→ Work instructions:
Reproduce the lines below exactly, starting at the one containing "Per donna Felpa" and stopping at the final line.

→ Collection entries:

■ ■ ■ ■ ■ ■ ■

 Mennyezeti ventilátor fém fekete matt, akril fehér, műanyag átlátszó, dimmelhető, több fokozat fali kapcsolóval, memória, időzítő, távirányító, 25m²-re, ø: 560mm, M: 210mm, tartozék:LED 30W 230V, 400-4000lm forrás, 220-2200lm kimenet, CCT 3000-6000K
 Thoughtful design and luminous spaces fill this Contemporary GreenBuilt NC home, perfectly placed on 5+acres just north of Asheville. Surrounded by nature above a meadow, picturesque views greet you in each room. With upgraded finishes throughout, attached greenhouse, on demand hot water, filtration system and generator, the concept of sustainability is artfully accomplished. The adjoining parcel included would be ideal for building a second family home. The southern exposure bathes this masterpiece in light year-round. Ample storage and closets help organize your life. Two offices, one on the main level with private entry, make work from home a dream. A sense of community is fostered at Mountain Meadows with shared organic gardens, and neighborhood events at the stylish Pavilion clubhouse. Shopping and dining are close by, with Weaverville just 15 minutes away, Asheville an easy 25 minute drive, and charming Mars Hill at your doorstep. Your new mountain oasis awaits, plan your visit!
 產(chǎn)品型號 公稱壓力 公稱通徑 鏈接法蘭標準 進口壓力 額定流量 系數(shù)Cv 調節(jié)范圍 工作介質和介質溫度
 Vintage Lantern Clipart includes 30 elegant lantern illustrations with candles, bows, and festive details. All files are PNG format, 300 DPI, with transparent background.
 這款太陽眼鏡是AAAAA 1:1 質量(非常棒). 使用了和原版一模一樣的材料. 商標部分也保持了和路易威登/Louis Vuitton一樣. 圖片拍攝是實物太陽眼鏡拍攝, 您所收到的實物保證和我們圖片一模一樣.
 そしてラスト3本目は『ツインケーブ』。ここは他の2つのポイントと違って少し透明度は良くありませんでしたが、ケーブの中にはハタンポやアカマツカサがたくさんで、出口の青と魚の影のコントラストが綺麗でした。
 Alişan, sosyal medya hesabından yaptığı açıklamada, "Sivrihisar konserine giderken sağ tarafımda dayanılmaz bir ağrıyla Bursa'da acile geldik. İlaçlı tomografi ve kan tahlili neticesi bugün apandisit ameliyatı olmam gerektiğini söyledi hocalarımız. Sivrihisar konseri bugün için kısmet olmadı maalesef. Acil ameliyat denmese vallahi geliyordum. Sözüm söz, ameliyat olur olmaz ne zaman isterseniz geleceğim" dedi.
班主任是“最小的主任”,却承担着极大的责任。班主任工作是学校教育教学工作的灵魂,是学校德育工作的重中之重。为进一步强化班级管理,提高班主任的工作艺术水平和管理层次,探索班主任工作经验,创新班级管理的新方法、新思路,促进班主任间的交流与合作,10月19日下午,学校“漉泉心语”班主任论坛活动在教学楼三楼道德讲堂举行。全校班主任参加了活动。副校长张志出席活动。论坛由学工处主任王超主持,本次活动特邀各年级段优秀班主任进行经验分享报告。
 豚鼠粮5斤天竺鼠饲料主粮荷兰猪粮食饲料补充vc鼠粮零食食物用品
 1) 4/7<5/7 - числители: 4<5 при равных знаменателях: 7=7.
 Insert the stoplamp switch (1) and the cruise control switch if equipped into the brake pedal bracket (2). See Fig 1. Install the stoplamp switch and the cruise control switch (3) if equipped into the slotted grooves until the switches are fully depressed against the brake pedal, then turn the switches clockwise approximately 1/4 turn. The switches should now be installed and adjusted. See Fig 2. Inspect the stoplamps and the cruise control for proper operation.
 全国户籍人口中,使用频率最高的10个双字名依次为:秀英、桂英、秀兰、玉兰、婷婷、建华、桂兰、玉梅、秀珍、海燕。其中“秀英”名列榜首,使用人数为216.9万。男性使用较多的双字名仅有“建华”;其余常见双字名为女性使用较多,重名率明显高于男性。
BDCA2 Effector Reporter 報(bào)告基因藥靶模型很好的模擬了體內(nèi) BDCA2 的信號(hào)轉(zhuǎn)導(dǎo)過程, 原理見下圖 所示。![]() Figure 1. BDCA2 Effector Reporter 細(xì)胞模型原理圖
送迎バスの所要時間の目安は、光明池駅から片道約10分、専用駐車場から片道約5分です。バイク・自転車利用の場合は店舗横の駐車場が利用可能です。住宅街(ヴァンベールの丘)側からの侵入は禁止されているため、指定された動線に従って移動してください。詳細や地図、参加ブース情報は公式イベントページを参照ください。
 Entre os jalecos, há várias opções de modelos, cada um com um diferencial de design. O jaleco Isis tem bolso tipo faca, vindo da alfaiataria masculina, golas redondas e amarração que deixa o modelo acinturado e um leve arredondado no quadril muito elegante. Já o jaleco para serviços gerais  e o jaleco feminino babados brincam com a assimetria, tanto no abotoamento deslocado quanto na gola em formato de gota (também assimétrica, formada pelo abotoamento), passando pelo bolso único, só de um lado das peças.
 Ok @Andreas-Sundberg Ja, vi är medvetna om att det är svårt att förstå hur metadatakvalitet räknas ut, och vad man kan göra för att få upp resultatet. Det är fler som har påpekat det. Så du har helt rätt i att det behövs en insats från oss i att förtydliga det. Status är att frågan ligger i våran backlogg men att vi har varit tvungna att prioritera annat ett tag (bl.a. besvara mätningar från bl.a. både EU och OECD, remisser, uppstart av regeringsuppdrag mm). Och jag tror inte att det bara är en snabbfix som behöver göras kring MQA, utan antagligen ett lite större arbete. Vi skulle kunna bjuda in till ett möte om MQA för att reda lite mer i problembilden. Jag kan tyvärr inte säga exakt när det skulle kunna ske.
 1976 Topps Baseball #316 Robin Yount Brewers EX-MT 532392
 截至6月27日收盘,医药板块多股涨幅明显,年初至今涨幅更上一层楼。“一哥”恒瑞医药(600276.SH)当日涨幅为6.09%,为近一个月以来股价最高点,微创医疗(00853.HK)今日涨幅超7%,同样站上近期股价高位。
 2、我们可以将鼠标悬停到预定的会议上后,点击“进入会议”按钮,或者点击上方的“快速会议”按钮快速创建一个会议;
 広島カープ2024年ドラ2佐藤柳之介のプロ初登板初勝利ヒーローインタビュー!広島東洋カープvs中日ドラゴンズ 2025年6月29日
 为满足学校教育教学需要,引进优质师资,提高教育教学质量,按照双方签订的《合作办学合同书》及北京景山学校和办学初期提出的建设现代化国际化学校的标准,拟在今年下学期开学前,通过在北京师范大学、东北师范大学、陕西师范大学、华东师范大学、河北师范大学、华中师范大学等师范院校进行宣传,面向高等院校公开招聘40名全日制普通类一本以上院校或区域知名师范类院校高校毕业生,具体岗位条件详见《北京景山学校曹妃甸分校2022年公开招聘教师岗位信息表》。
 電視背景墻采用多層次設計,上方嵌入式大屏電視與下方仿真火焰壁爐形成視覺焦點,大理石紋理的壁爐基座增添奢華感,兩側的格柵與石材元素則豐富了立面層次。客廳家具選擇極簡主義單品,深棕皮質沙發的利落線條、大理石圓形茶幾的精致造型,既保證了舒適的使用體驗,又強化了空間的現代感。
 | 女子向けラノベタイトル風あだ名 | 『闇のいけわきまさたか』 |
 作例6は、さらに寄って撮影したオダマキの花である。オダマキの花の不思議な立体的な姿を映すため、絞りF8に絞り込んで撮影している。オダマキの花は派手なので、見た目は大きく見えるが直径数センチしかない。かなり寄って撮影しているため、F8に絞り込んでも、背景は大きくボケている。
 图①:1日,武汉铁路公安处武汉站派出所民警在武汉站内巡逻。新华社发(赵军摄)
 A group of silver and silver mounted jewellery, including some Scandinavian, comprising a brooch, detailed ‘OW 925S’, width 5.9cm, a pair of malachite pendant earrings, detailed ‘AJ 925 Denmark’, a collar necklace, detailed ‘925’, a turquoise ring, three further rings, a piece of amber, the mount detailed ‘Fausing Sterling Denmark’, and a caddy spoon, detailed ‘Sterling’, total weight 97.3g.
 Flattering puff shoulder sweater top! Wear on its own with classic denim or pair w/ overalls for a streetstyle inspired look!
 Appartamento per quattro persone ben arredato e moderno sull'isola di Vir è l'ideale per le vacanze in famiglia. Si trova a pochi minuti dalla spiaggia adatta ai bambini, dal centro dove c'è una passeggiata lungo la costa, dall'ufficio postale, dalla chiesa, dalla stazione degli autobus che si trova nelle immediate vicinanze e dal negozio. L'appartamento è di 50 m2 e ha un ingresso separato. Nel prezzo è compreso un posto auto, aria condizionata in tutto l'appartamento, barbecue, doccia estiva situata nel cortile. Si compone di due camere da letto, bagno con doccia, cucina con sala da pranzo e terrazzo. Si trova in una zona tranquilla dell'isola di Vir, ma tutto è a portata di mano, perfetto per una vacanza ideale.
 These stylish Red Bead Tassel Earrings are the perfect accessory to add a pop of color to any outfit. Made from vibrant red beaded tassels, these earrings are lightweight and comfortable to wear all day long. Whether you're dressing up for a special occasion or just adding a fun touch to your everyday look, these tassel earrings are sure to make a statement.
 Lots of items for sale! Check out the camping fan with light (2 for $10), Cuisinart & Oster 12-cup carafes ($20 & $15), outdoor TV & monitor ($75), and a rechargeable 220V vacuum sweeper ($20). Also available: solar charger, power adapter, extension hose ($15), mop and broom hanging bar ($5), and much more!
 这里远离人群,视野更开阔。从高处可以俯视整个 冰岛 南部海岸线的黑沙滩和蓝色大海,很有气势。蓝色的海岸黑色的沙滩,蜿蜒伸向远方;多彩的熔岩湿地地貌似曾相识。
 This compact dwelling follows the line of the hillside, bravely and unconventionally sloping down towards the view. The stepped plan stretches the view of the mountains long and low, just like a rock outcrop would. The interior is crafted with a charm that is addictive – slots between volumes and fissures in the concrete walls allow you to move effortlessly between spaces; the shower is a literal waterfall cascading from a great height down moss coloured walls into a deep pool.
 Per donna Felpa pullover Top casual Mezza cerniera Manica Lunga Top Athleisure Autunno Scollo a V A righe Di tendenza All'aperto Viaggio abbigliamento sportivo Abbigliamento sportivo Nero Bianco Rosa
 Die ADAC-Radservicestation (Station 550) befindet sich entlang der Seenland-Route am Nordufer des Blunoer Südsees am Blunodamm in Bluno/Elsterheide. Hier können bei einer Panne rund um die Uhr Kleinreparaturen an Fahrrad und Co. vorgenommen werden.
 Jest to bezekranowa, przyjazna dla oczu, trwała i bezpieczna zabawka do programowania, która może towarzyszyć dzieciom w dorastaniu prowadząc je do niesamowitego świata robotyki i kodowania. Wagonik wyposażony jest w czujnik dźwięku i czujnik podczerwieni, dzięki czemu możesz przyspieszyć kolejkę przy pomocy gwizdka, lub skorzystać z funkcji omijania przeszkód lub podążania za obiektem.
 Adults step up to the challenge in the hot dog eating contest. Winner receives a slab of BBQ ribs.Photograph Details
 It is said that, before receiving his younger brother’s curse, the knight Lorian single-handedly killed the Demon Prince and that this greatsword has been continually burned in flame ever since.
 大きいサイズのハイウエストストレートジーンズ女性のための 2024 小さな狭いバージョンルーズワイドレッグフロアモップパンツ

■ ■ ■ ■ ■ ■ ■

→ Answer to the exercise:
 Per donna Felpa pullover Top casual Mezza cerniera Manica Lunga Top Athleisure Autunno Scollo a V A righe Di tendenza All'aperto Viaggio abbigliamento sportivo Abbigliamento sportivo Nero Bianco Rosa
 Die ADAC-Radservicestation (Station 550) befindet sich entlang der Seenland-Route am Nordufer des Blunoer Südsees am Blunodamm in Bluno/Elsterheide. Hier können bei einer Panne rund um die Uhr Kleinreparaturen an Fahrrad und Co. vorgenommen werden.
 Jest to bezekranowa, przyjazna dla oczu, trwała i bezpieczna zabawka do programowania, która może towarzyszyć dzieciom w dorastaniu prowadząc je do niesamowitego świata robotyki i kodowania. Wagonik wyposażony jest w czujnik dźwięku i czujnik podczerwieni, dzięki czemu możesz przyspieszyć kolejkę przy pomocy gwizdka, lub skorzystać z funkcji omijania przeszkód lub podążania za obiektem.
 Adults step up to the challenge in the hot dog eating contest. Winner receives a slab of BBQ ribs.Photograph Details
 It is said that, before receiving his younger brother’s curse, the knight Lorian single-handedly killed the Demon Prince and that this greatsword has been continually burned in flame ever since.
 大きいサイズのハイウエストストレートジーンズ女性のための 2024 小さな狭いバージョンルーズワイドレッグフロアモップパンツ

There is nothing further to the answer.